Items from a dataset
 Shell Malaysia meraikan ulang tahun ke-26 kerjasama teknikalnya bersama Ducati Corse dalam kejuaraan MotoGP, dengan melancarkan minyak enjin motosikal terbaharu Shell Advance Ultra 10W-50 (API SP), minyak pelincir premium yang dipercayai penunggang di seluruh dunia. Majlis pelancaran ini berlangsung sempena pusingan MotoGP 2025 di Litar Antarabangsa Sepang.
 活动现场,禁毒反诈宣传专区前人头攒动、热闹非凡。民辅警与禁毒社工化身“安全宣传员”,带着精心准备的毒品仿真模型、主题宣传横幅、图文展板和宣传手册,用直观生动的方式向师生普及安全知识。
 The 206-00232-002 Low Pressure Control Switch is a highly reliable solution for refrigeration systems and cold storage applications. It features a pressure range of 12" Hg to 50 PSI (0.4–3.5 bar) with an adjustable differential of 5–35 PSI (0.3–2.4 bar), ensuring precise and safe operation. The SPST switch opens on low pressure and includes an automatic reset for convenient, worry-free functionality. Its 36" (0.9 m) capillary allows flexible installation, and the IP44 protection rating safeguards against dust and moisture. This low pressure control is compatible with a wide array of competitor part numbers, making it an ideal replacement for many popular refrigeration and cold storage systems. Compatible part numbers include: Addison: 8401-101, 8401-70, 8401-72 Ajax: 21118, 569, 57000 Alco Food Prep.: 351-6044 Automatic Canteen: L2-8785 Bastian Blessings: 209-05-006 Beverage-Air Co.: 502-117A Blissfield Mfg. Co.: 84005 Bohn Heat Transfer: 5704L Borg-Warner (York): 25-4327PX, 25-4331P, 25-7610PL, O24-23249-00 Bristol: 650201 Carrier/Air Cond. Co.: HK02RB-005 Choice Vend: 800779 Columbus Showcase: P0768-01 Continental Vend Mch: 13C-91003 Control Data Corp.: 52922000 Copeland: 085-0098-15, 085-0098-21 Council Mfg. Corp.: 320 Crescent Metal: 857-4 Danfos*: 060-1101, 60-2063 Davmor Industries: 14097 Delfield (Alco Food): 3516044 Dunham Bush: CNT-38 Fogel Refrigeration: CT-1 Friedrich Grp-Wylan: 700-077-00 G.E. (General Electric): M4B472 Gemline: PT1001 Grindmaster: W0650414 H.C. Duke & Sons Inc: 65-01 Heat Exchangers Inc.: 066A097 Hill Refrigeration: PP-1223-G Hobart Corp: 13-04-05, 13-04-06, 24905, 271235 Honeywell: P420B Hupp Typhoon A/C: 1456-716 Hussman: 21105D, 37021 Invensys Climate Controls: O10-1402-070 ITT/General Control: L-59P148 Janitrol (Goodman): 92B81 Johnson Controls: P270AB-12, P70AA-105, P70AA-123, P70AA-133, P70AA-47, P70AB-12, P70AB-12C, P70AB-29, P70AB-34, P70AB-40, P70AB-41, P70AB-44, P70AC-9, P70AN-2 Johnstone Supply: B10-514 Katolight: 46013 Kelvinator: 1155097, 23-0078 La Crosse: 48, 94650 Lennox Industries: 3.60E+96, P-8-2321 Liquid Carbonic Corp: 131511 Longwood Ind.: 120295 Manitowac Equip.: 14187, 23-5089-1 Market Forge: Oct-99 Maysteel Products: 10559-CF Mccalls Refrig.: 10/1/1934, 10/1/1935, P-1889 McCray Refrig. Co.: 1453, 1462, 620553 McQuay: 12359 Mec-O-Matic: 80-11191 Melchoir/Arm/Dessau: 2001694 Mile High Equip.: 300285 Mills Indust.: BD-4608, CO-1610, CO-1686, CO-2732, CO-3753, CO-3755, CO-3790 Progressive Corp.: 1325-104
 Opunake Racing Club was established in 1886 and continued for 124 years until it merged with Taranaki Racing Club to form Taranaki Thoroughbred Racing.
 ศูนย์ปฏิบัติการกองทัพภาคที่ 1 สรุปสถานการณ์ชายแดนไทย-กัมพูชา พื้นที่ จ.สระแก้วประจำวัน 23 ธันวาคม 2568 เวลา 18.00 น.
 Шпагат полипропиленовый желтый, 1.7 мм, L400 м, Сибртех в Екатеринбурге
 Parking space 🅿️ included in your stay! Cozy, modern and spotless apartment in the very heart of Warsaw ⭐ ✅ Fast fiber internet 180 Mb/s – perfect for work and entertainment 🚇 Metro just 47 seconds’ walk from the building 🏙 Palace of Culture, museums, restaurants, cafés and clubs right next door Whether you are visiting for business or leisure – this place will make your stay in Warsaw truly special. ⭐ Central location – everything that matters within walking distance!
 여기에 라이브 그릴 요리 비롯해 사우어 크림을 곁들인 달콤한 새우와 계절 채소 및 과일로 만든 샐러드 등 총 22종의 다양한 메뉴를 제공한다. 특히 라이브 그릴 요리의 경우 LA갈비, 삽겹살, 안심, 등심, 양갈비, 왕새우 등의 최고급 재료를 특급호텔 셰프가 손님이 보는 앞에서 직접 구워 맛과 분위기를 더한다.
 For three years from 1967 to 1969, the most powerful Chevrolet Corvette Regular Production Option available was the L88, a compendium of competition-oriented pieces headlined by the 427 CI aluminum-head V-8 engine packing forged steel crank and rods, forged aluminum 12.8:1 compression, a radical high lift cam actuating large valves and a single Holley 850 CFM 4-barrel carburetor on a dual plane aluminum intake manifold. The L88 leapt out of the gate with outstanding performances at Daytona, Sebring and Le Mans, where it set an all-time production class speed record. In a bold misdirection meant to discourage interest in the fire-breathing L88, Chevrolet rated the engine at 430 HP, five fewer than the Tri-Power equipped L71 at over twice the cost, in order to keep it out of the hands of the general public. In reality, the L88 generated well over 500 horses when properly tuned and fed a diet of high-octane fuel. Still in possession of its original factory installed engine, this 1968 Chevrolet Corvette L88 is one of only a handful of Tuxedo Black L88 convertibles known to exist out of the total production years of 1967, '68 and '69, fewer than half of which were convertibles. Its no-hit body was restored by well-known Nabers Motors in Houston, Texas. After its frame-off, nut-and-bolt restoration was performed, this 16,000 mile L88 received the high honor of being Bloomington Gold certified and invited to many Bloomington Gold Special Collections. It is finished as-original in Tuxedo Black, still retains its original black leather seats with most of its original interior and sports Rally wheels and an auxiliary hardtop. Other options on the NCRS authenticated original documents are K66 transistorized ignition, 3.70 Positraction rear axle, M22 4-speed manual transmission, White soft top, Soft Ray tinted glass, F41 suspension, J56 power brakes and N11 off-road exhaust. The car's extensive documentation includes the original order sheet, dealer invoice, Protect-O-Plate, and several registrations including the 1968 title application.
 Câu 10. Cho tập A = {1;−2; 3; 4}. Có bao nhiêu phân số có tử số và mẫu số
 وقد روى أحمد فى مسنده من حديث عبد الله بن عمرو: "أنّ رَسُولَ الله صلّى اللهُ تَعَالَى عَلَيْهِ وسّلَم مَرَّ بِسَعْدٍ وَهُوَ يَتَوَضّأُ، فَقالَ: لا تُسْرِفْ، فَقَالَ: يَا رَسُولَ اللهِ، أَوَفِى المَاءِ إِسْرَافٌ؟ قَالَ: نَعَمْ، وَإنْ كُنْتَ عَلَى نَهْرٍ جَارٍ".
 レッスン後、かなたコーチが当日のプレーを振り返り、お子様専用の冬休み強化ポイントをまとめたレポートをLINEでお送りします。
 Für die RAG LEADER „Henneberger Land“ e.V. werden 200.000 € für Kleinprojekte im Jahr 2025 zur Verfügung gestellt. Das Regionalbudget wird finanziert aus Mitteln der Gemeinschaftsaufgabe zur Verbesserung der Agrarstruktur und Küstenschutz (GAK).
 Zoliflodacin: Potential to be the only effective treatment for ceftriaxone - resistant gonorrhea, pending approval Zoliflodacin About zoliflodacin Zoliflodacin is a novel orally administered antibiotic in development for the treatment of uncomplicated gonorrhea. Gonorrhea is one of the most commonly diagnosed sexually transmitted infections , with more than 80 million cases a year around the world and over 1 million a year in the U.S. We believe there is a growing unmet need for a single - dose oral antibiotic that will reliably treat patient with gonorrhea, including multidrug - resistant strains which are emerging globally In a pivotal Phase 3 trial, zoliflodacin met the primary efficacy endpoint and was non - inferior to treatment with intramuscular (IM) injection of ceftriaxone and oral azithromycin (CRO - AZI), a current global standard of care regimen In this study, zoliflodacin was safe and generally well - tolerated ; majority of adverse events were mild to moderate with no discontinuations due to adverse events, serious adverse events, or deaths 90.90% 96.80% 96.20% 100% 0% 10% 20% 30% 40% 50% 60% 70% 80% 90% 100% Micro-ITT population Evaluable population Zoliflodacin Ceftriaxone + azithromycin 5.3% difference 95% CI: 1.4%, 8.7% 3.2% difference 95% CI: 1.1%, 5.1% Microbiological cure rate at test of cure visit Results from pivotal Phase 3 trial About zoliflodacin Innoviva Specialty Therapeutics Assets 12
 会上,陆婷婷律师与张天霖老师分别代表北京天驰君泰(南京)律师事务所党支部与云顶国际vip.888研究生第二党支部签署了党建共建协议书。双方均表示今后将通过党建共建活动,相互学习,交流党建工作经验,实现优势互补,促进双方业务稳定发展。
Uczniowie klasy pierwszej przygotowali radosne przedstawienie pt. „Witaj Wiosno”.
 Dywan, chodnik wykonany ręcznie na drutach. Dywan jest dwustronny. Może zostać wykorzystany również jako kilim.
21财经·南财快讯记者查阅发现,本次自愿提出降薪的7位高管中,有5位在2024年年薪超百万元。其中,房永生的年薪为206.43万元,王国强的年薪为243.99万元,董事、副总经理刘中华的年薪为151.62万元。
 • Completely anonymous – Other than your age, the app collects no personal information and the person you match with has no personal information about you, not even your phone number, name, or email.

Work request: Your response should be the lines above from the first to the one containing "活动现场,禁毒反诈宣传专区前", inclusive, each given exactly.

Reply to the exercise:
 Shell Malaysia meraikan ulang tahun ke-26 kerjasama teknikalnya bersama Ducati Corse dalam kejuaraan MotoGP, dengan melancarkan minyak enjin motosikal terbaharu Shell Advance Ultra 10W-50 (API SP), minyak pelincir premium yang dipercayai penunggang di seluruh dunia. Majlis pelancaran ini berlangsung sempena pusingan MotoGP 2025 di Litar Antarabangsa Sepang.
 活动现场,禁毒反诈宣传专区前人头攒动、热闹非凡。民辅警与禁毒社工化身“安全宣传员”,带着精心准备的毒品仿真模型、主题宣传横幅、图文展板和宣传手册,用直观生动的方式向师生普及安全知识。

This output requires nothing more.